Be aware that if you choose not to receive life-sustaining treatment, it does not mean you are required to forfeit palliative care, which can be administered even for patients who do not want to be kept alive. Palliative care focuses on relieving pain at the end of life, but does not help extend life.
Before you decide against receiving treatment at the end of your life, be sure you've followed steps to help you to make that informed decision.
Refusing Treatment for Financial Reasons
You might also consider refusing treatment if you have been diagnosed with a medical problem that requires very expensive treatment. You may prefer not to spend so much money. Patients make this decision when they believe treatment is beyond their means. They decide to forgo treatment instead of draining their bank accounts.
Sometimes we, as Americans who live in a for-profit healthcare system, are forced to choose between our financial health and our physical health. Our health may force us to decide whether or not to undergo a treatment that we know will clean out our savings or put us into a lifetime of debt.
So the question is - Are we allowed to choose against treatment if we know it will cost us every penny we have?

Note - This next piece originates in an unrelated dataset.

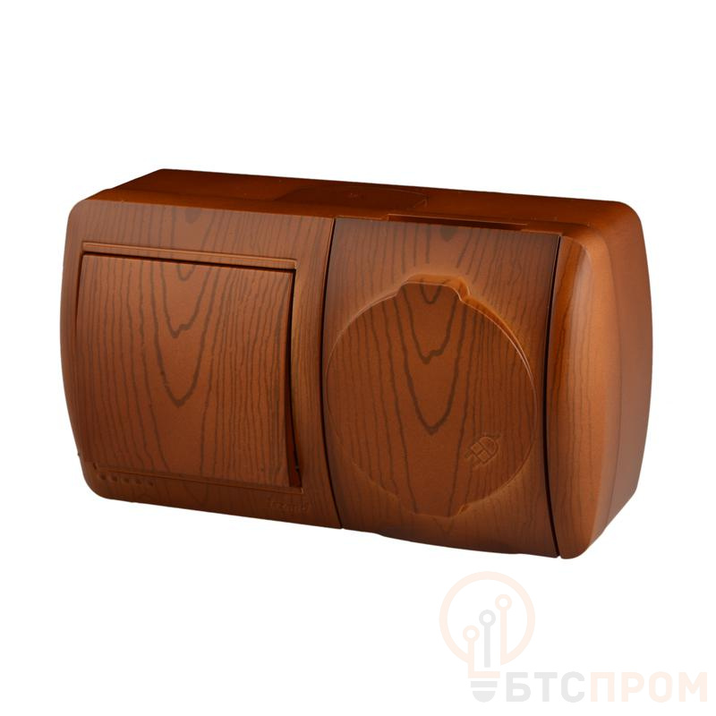 Блок Nata (розетка с заземл. с защ. крышкой + 1-кл. выкл.) сосна LEZARD 710-0800-170 фото в каталоге от BTSprom.by

The answer is yes: Most Americans can refuse treatment when they know it will have a negative impact on their finances. However, if you are considering refusing treatment because you believe it is beyond your means, be sure you follow these steps carefully to help you make the right decision.
Using Religion to Refuse Treatment
Followers of two Christian religions - Jehovah's Witnesses and Christian Scientists - plus a few other non-affiliated churches in different parts of the United States - may be willing to undergo some forms of treatment, but restrict or deny other forms based on their religious beliefs. Each offers clear guidelines for making that determination.
Adults may rely on their church affiliation and its tenets to refuse treatment for themselves if they choose. However, they have less legal standing when it comes to making those choices for their children. Several court cases regarding children with different diseases and medical needs have addressed the legality of refusing treatment based on religious reasons, with varying outcomes.
Bottom LineThose are the circumstances under which patients may make a decision not to be treated. If you are trying to make a refusal decision yourself:
- Call on a professional shared decision making expert to help you make this difficult decision. The shared decision making process helps you weigh your values and beliefs against your options to make the choice that is best for you.
- Be sure you aren't a patient who is not allowed to refuse medical treatment.
- Take steps to be sure you are making an informed decision.